Installing & Configuring RabbitMQ

  1. Generate certificates for each server node using this guide and upload them to the instances.
  2. Generate or use an existing certificate for the management UI and upload it to the instances.
  3. Download Erlang and RabbitMQ RPMs.
  4. Install Erlang RPM by executing sudo rpm -i /tmp/erlang-24.2.1-1.el8.x86_64.rpm
  5. Install RabbitMQ RPM by executing sudo rpm -i /tmp/rabbitmq-server-3.9.13-1.el8.noarch.rpm
  6. Go to /etc/rabbitmq/ & create rabbitmq.conf with the following content:

     listeners.tcp = none
     listeners.ssl.default = 5671
     ssl_options.cacertfile = /path/to/ca_certificate.pem
     ssl_options.certfile   = /path/to/server_certificate.pem
     ssl_options.keyfile    = /path/to/server_key.pem
     ssl_options.verify     = verify_peer
     ssl_options.fail_if_no_peer_cert = true
    
     default_user = admin
     default_pass = 768a852ed69ce916fa7faa278c962de3e4275e5f
    
     management.ssl.port       = 9443
     management.ssl.cacertfile = /path/to/ca_certificate.pem
     management.ssl.certfile   = /path/to/server_certificate.pem
     management.ssl.keyfile    = /path/to/server_key.pem
     management.ssl.versions.1 = tlsv1.2
     management.ssl.password   = MySecretPassword
    

    Change the paths to the certificates as appropriate. Make sure the certificate files are accessible to the rabbitmq user.
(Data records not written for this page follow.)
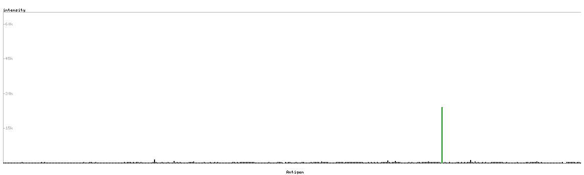 At the top of the view, the position of the antigen (identified by the corresponding HPA identifier) is shown as a green bar. A yellow triangle on the bar indicates a <100% sequence identity to the protein target.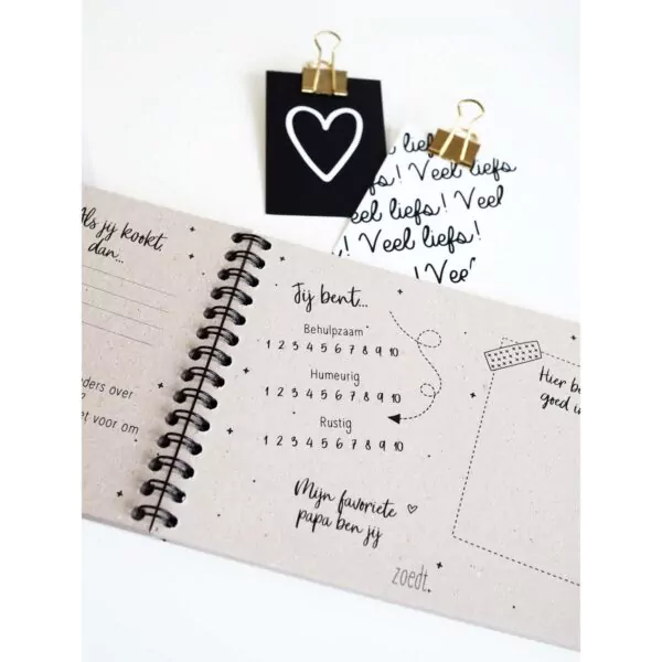 Zoek je een origineel cadeau voor de stoerste vader? Vul dan dit lieve boekje in voor de liefste papa! Het leukste vaderdagcadeau, maar ook leuk om zomaar te geven! Het boekje heeft 28 pagina’s en staat vol met vragen en weetjes over jou en je vader. Daarnaast is er ruimte om foto’s van jullie in te plakken! Als het is ingevuld is ontstaat er een mooi boekje vol liefde en herinneringen. Er staan ook een aantal lieve quotes in.
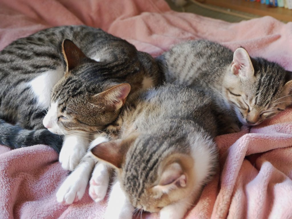 わが家で最後のお昼寝中のおちびにゃんず(右の2匹です)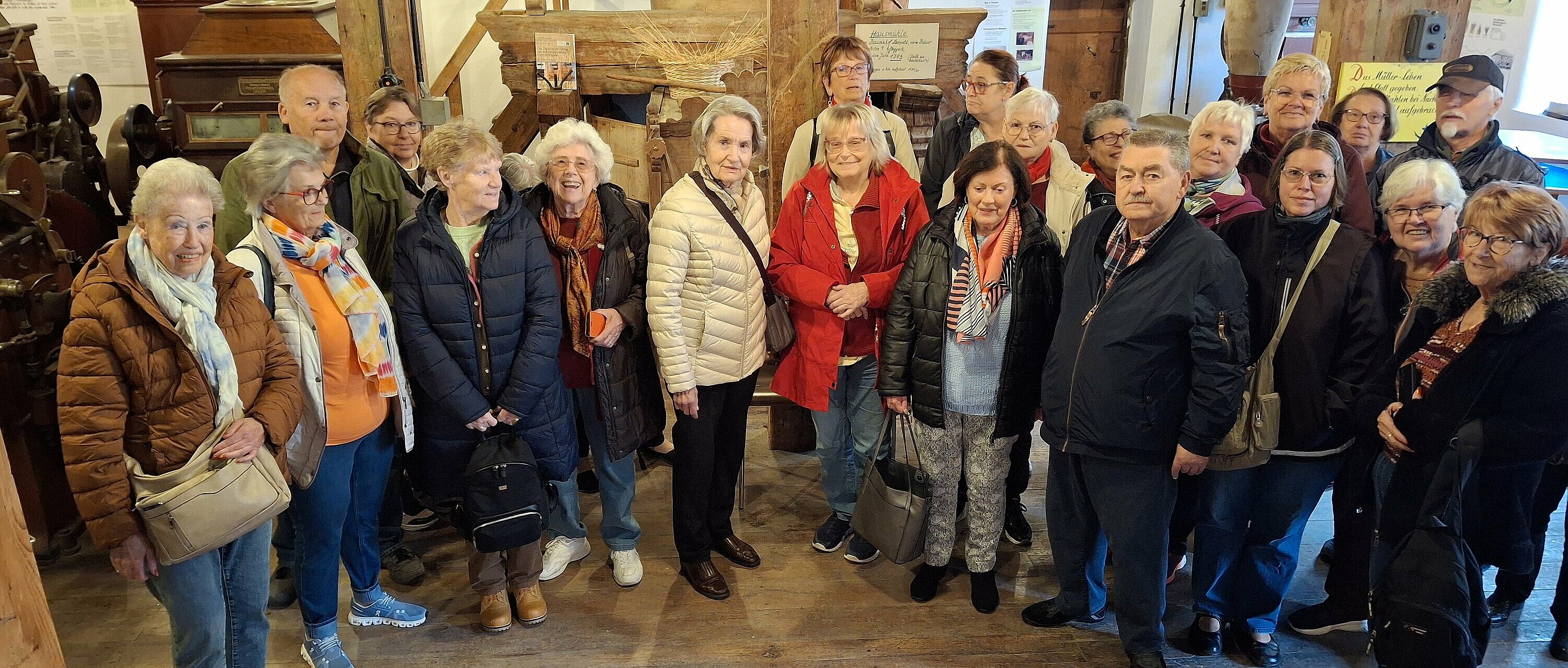 Diesmal fuhren viele Pensionisten zu einem interessanten Vortrag ins Brot- und Mühlenmuseum. Es wurden uns genau alle Vorgänge vom Mahlen bis zum fertigen Brot erklärt. Auch wurden die verschiedensten Herstellungsmethoden vom Handmahlen und Sieben bis zur Industriemühle teilweise vorgeführt. Nach diesem informativen Vortrag machten wir noch einen Abstecher ins Lindt Factory Qutlet, wo es eine riesige Auswahl an Pralinen gab. Den Abschluss bildete die Fahrt zum Kummerbauerstadl, und dort ließen wir unseren Ausflug kulinarisch ausklingen.

  7. Create rabbitmq-env.conf with the following content:
     RABBITMQ_MNESIA_DIR=/mnt/rabbitmq/MNESIA
    
  8. Make sure rabbitmq user has ownership over these files by executing sudo chown -R rabbitmq:rabbitmq /etc/rabbitmq/

  9. Execute the following commands:
    • mkdir /mnt/rabbitmq/MNESIA to create the directory which will hold RabbitMQ Data.
    • sudo chown -R rabbitmq:rabbitmq /mnt/rabbitmq to make sure rabbitmq user has ownership over the directory.
  10. Start RabbitMQ Service by executing:
    chkconfig rabbitmq-server on
    sudo systemctl start rabbitmq-server
    
  11. In all of instances, run this command to enable management UI:
    rabbitmq-plugins enable rabbitmq_management
    
  12. RabbitMQ uses an erlang cookie to authenticate between cluster nodes. This cookie is generated in /var/lib/rabbitmq/.erlang.cookie after the broker launch. To make sure instances are able to communicate with each other, the cookie must be the same accross all instances. After you start the first instance:
    • Copy RabbitMQ ErLang Cookie from the file /var/lib/rabbitmq/.erlang.cookie.
    • In the other two instances, create the file by executing sudo vi /var/lib/rabbitmq/.erlang.cookie and pasting the cookie value.
    • Execute sudo chown rabbitmq:rabbitmq .erlang.cookie to make rabbitmq the owner.
    • Execute sudo chmod 400 .erlang.cookie to limit the permissions to this file.
  13. To make the servers join the cluster, in RabbitMQ server 2 execute:
    rabbitmqctl stop_app
    rabbitmqctl reset
    rabbitmqctl join_cluster rabbit@rabbitmq-1
    rabbitmqctl start_app
    
  14. Repeat in RabbitMQ server 3.
  15. Execute rabbitmqctl cluster_status in all three instances, you should get similar output as the below:

    Cluster status

  16. Go to the management UI using https://server-1-ip:9443 and login using the admin user credentials, you can now see the nodes:

    Node status in Management UI

RabbitMQ Configuration Explanation

In rabbitmq.conf:

  • listeners.tcp = none disables all non TLS connections from clients.
  • ssl_options.verify enables peer verification for clients connections.
  • ssl_options.fail_if_no_peer_cert tells RabbitMQ to reject connections if peer certificate was not verified.
  • default_user and default_pass change the default user from guest to admin and assign a new password.
  • management.ssl.port tells the management UI to use TLS on port 9443.

In rabbitmq-env.conf:

  • RABBITMQ_MNESIA_DIR changes the default data directory to use the block volume.

Conclusion

With this, we finished the installation and configuration of our cluster. It is worth mentioning that you may need to add or modify some configurations before making your cluster production-ready. Consult RabbitMQ documentation before doing so. You can also automate this entire process by writing Terraform and Ansible scripts to make your life easier.